◆ **Task directions**
Give back, word for word, the lines in the listing below from the one holding "但也有人反驳,潘宏的训犬方式已经算温和的了,训犬学校的方式甚至更加过分" down to the one holding "Соберите все необходимые", both ends included.

◆ **Input data**
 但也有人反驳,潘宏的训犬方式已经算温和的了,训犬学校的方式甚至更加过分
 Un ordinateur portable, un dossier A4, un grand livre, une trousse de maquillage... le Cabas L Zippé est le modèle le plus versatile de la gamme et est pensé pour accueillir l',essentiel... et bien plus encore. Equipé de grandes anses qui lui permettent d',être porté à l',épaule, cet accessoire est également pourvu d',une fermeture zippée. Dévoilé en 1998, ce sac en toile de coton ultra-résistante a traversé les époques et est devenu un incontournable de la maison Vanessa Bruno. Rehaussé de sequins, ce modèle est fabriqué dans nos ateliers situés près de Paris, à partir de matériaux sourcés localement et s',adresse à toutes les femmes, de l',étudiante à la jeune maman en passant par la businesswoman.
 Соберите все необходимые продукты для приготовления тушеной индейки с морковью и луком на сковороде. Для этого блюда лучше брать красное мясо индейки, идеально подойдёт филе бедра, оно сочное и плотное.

* * *

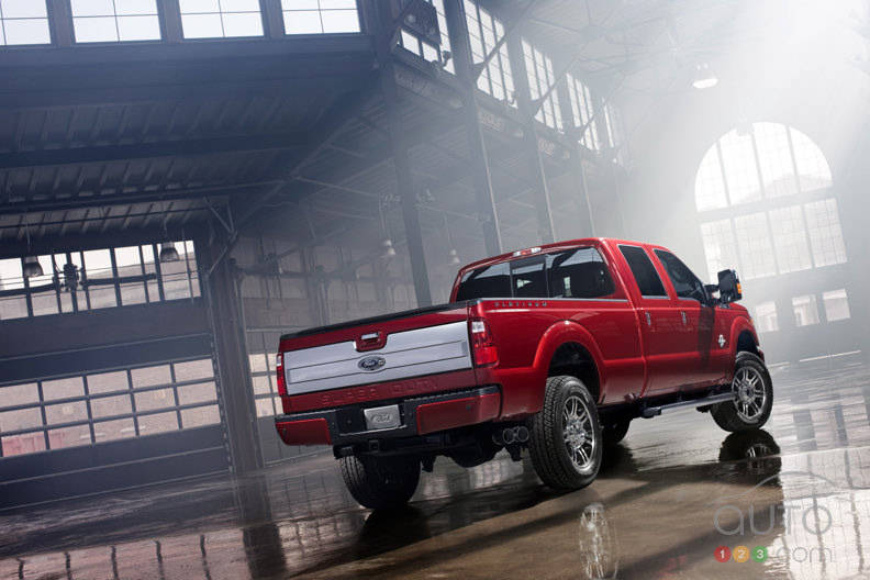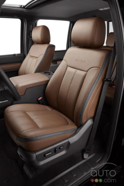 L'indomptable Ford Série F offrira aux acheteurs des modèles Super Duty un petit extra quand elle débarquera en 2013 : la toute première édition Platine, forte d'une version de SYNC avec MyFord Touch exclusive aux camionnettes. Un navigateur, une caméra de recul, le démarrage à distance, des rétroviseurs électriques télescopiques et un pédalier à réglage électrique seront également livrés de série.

◆ **Worked solution**
 但也有人反驳,潘宏的训犬方式已经算温和的了,训犬学校的方式甚至更加过分
 Un ordinateur portable, un dossier A4, un grand livre, une trousse de maquillage... le Cabas L Zippé est le modèle le plus versatile de la gamme et est pensé pour accueillir l',essentiel... et bien plus encore. Equipé de grandes anses qui lui permettent d',être porté à l',épaule, cet accessoire est également pourvu d',une fermeture zippée. Dévoilé en 1998, ce sac en toile de coton ultra-résistante a traversé les époques et est devenu un incontournable de la maison Vanessa Bruno. Rehaussé de sequins, ce modèle est fabriqué dans nos ateliers situés près de Paris, à partir de matériaux sourcés localement et s',adresse à toutes les femmes, de l',étudiante à la jeune maman en passant par la businesswoman.
 Соберите все необходимые продукты для приготовления тушеной индейки с морковью и луком на сковороде. Для этого блюда лучше брать красное мясо индейки, идеально подойдёт филе бедра, оно сочное и плотное.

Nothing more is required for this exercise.